Tuesday, December 1, 2015

Life Is About Choices

    It is that time of year. The sun inches towards the southern horizon. The days getting shorter, the nights longer. It has been colder than normal. My job has me out in the cold. I dress for it as best I can, but by day's end I am chilled to the bone. The cold and dark fatigue me like nothing else. I feel worn out, exhausted, bedraggled. Like something the dog dragged in, rolled on, chewed up, and drooled all over. Yesterday was freezing and damp, a near lethal combination. After work I knew that heading straight home would be a death knell. I went to the pool, got in a solid 55 laps, then hit the jacuzzi. The hot water was my carrot on a stick for the swim: no swim, no jacuzzi. I vowed to sit in the near scalding water until I was so overheated I felt sick. It worked. I was still radiating heat when I got home.
    Nevertheless, the cold, dark, grey days make it hard for me to function. All I wanted to do today was huddle around a space heater, stoke the woodstove, and drink copious amounts of hot beverage. Yes, I did do too much of that. But I managed to get in a decent 2 hour workout of cycling, legwork, and Yoga before making myself a gigantic lunch.
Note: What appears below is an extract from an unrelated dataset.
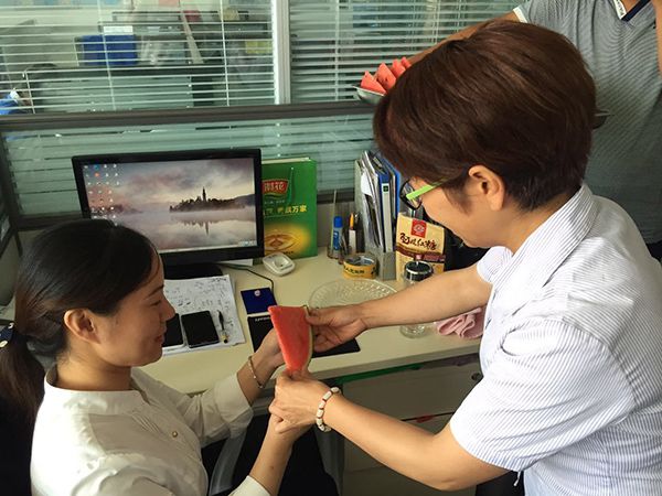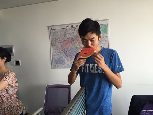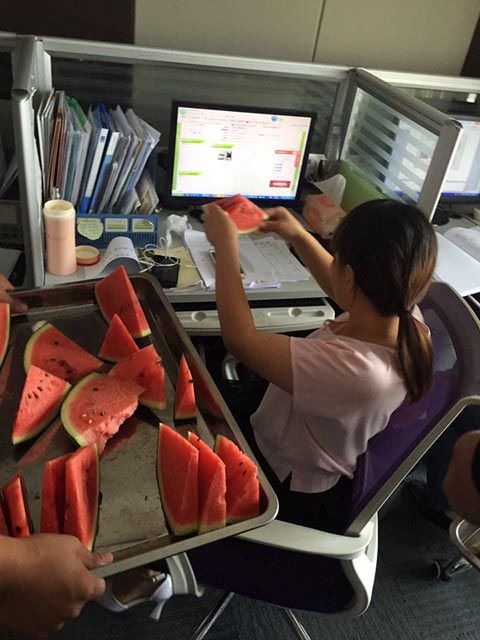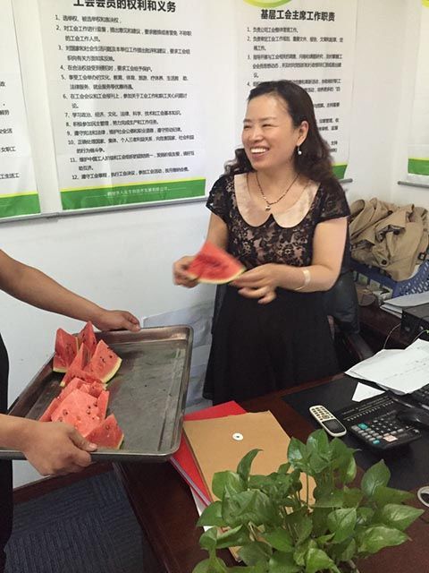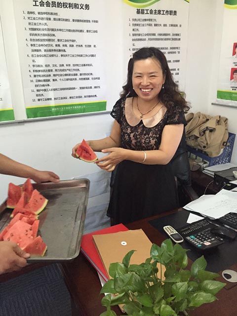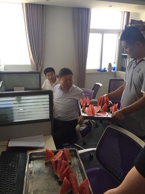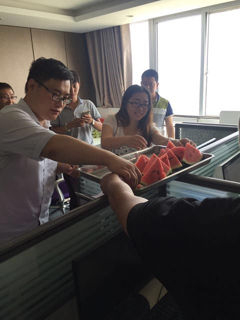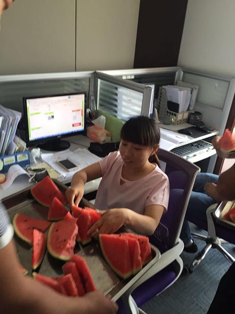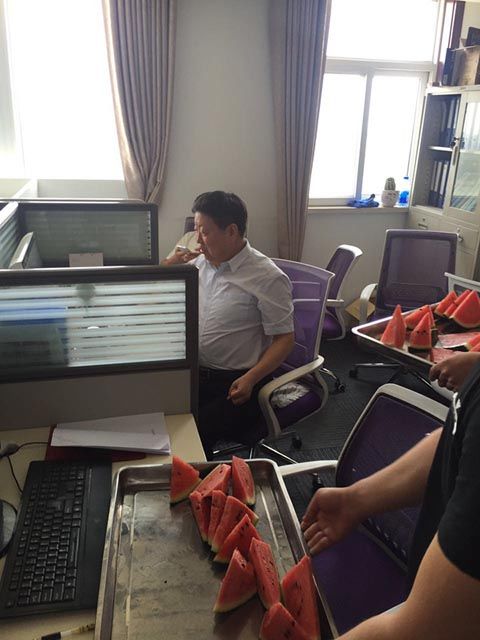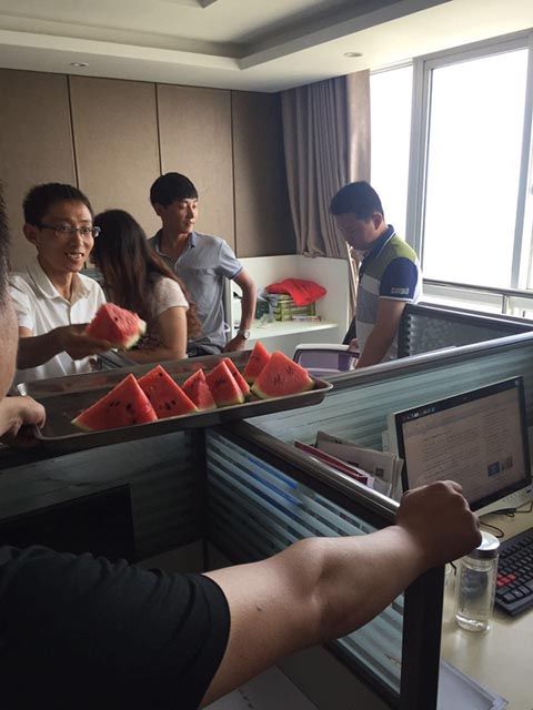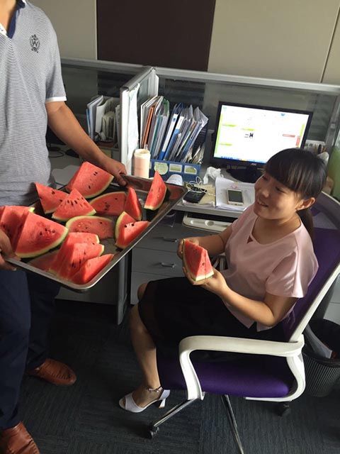 高溫持續(xù)不斷,繼昨日工會主席發(fā)放酸梅粉之后,今天公司領(lǐng)導(dǎo)購買十幾個香甜可口的西瓜,切好后發(fā)到員工手里,這個夏天,不再熱!

    I needed to get outside, I had a roof to fix for a friend, and at least it wasn't raining, yet. Finally, I bundled up and headed out. I was surprised at how temperate it felt, at least in comparison to the last few days. My mood elevated immediately. The roof repair was quick, and just enough to get my circulation moving and my spirit elevated. I shuffled some of my salvaged building materials, taking stock, pondering projects, talking to myself. "Hey, where did those windows come from? I don't remember getting windows..." and my mind is off building a greenhouse. I tidied up for a few minutes, and then in typical ADD/OCD manner I was on my knees setting more stone and brick for my patio. Funny how my focus narrows when I am working on something that interests me. Raking leaves? Not so much. Playing with rocks? Hellz yeah.
    Working on fitting together a mix of field stone, river rock, brick, and tile reinforces a few things I already know about myself: I love making cool shit; I love surrounding myself with beautiful things that bring me joy; when I am working on something that fascinates me I cannot pull my attention away, or do anything else with any kind of focus; and finally, I am absolutely incapable of making a random design. That last point actually makes me laugh at myself. Try as I might, I cannot do random. I have to organize things into some kind of pattern, even if it is abstract, I have to see a pattern. I worked on my patio until it was almost dark, then had to pull myself away to get firewood in for the evening.
    This time of year I have two choices. I can force myself to be active, functional, and creative. Or I can sleep too much, get fat, and have to rely on a little, pink pill to keep my mind from climbing on the hamster wheel of depression and anxiety. Even if I am spending a bit more time huddled around a heater, swaddled in a dog hair covered, oversized, polar fleece bathrobe, binge watching episode of Poirot on Netflix, and sucking down vast quantities of tea or black coffee, I am still not relying on that pink pill. I don't plan on needing them, though I have a stash on hand (just in case).
    Life is about choices. "Everything in your life is a reflection of a choice you have made. If you want a different result, make a different choice." I choose active, functional, and creative, with maybe a bit of heater hugging, tea drinking tossed into the seasonal mix. My life. My choice.